Then she picked it up and threw it into the garbage. I almost reached out to catch it, but I didn’t. After that, I went home and tried to figure out with my husband, if every house had a turkey that had another, say, two pounds of meat on it, and if everybody threw it into their garbage, how much meat would that equal? How much meat would be wasted in my own neighborhood? The number was astronomical. Then we figured it out for the city, and the number was even more astronomical.

I thought, “This is ridiculous. We should not be wasting this. So what is an alternative?” Living in an urban area, some of us have more than we need and others of us have considerably less than we need. How do we balance or even that out?”

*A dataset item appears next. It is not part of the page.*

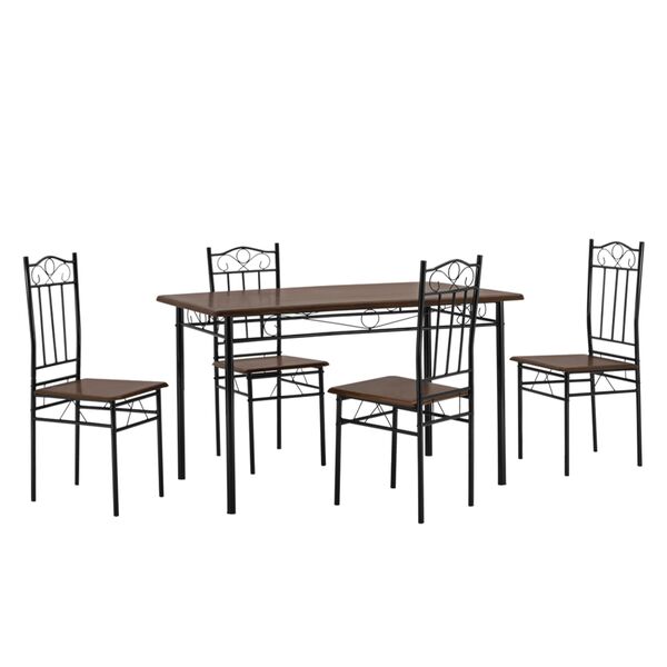 Το σετ τραπεζαρίας 5 τμχ, αποτελείται από ένα τραπέζι και τέσσερις καρέκλες. Είναι κατασκευασμένο από μεταλλικό σκελετό σε μαύρη απόχρωση και επένδυση από mdf σε καρυδί απόχρωση . Διαστάσεις τραπεζιού: 120x70x74 εκ. Απόσταση ποδιών: 108x56 εκ. Ύψος ποδιών: 72 εκ. Διαστάσεις καρέκλας: 38x43x91Υ εκ. Διαστάσεις καθίσματος: 38x37 εκ. Ύψος καθίσματος: 43,5 εκ. Διαστάσεις πλάτης: 33x49 εκ. Απόσταση ποδιών: 32,5x36 εκ. Ύψος ποδιών: 42 εκ.

It seemed like a no-brainer. I figured there must be other people like me who would be willing to take an hour out of their week to bring this surplus food to a free food program. I asked some of my friends, and everybody said of course they’d be willing to do that. One of them was a reporter and said, “Let’s put something in the paper.” Which we did, saying, “If anybody’s interested, please call this number.” My phone was ringing off the hook for the next week. So we invited everyone over to my house. We had a party, and we literally started the organization two days later.

What happened at the party was that everyone was enthusiastic and relieved, even, to have something to do. Because everyone feels awful—in the face of hunger, in the world, but especially in their own community. So this person had a friend who worked for that bakery, and that person had a friend who worked in a restaurant. So already, in the first week, we already had about six runs that we could make. I contacted one particular food kitchen, everyone volunteered to be the runner, and we just started.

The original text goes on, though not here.